Wow that was a great video. I need to share it with my father, he would love it. A great demonstration of how effective a slingshot can be.


----------



## mrtom (Apr 7, 2013)

Also top shooting mate


----------



## Gote Rider (May 16, 2010)

This is a very good video with some outstanding shooting. Keep them coming.


----------



## Nicholson (Sep 25, 2012)

That was a really good video, thanx! That's motivating me to go back out


----------



## erniepc1 (Jun 7, 2014)

Fine shooting.


----------



## oldmiser (Jan 22, 2014)

sweet shooting video of your skills...awesome my friend...some day I hope to be half that good~AKAOldmiser


----------



## Randysavage (Aug 4, 2014)

I saw a rabbit on the side of the road today and it crossed my mind to take it out the window haha.
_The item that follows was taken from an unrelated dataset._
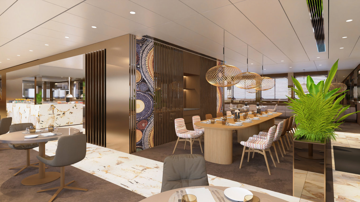 The onboard culinary experience is another highlight: the main restaurant, La Cucina, features an open kitchen, creating direct interaction between chefs and guests, making every meal a unique and engaging experience. Additionally, the new Night Market Grill offers an exclusive, private dining experience for up to eight guests, with dishes prepared à la minute in an intimate setting, perfect for special evenings or private celebrations.
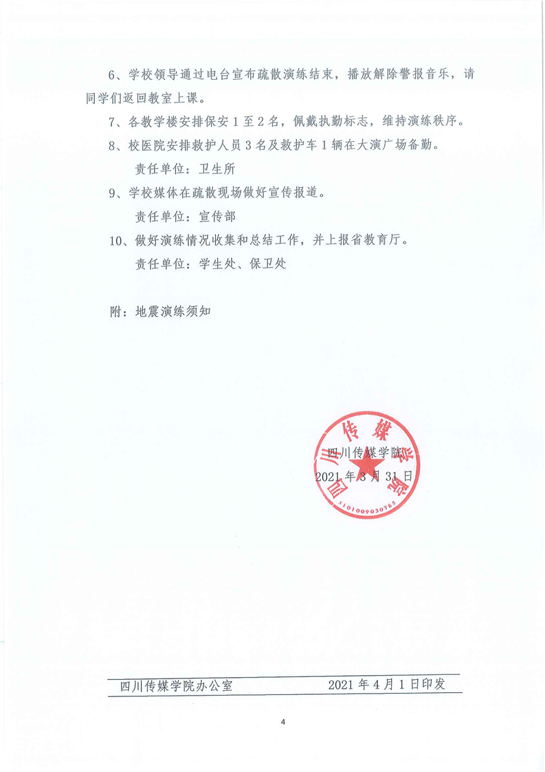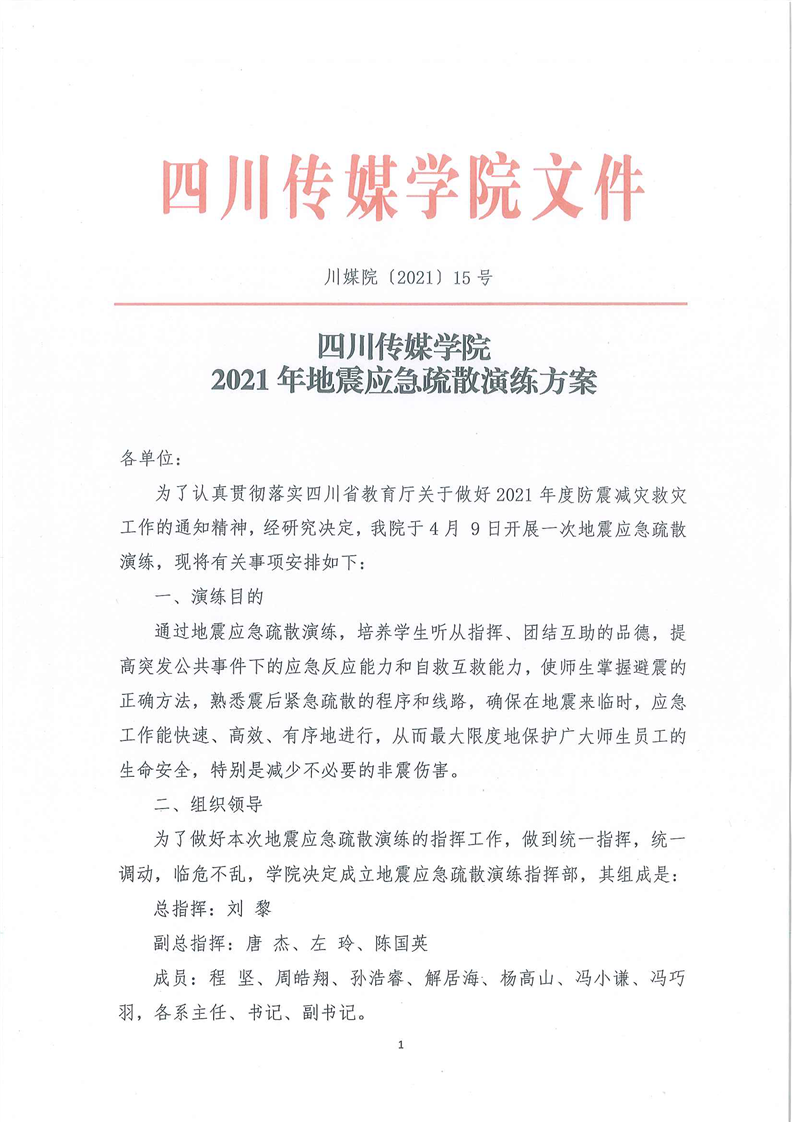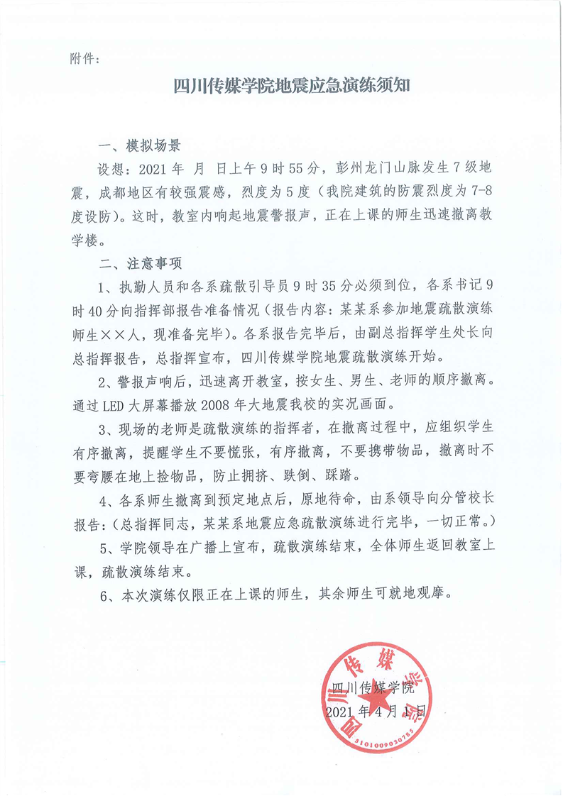 四川传媒学院2021年地震应急疏散演练方案

I even had a slingshot with me but I do not know how that would go over in the states


----------



## Aefr (Jul 20, 2014)

Cool vid, nice shooting. Thanks for sharing.


----------



## scheme-sport (May 6, 2014)

You should have done it Randy lold.


----------



## CanH8r (Dec 3, 2013)

Great vid! Pigeon out the car window on top of the light post was amazing... Cool pfs too.


----------



## scheme-sport (May 6, 2014)

I wonder who made that PFS??


----------



## aidy (May 15, 2014)

av got a belta pfs longers made it just need to learn to shoot it properly now atb aidy


----------